→ **SUPPLIED MATERIAL**
###

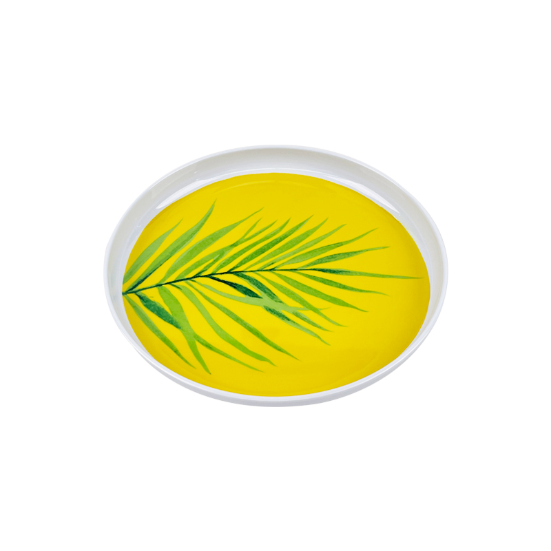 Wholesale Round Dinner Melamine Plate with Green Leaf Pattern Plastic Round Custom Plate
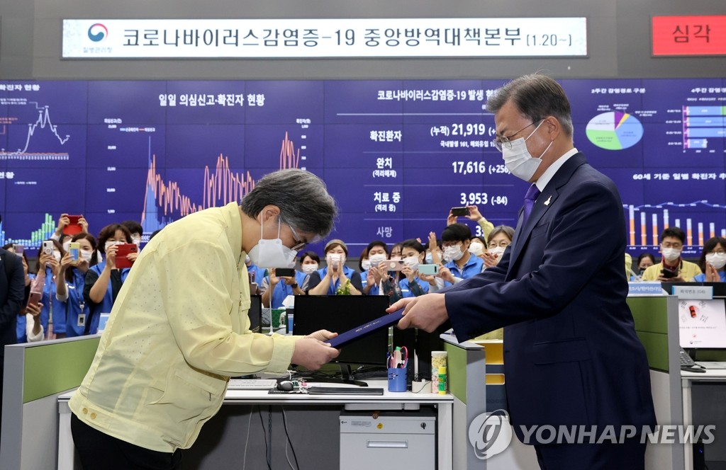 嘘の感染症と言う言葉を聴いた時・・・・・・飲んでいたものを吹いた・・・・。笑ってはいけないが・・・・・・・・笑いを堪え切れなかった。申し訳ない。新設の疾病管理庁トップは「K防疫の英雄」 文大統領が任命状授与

###

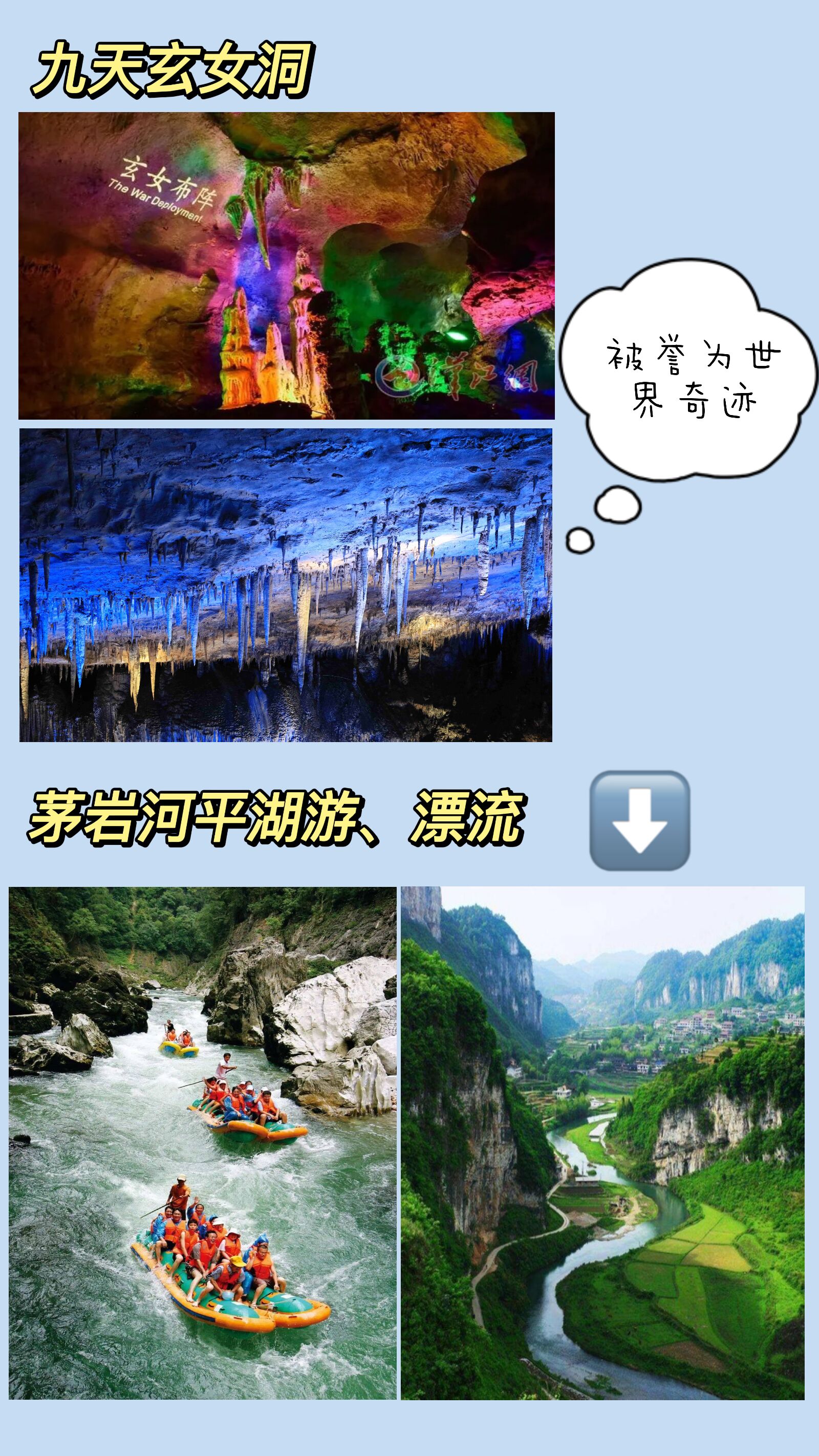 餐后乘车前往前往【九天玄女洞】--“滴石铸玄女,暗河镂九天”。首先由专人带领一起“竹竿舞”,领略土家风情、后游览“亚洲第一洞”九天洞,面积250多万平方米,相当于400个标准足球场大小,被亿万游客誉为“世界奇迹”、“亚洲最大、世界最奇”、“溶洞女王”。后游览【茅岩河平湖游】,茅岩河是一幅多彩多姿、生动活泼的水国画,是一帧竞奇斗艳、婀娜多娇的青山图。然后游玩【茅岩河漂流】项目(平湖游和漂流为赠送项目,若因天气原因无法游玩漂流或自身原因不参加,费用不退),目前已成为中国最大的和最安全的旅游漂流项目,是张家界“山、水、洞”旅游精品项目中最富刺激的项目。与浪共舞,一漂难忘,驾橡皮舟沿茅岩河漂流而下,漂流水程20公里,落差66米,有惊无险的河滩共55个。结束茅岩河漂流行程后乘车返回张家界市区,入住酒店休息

###

→ **TASK TO COMPLETE**
In the listing above, find the line holding "Wholesale Round Dinner" and the line holding "嘘の感染症と言う言葉を聴いた". Reproduce those two lines and all between them exactly, leaving out pictures.

→ **OUTPUT FOR THIS EXERCISE**
 Wholesale Round Dinner Melamine Plate with Green Leaf Pattern Plastic Round Custom Plate
 嘘の感染症と言う言葉を聴いた時・・・・・・飲んでいたものを吹いた・・・・。笑ってはいけないが・・・・・・・・笑いを堪え切れなかった。申し訳ない。新設の疾病管理庁トップは「K防疫の英雄」 文大統領が任命状授与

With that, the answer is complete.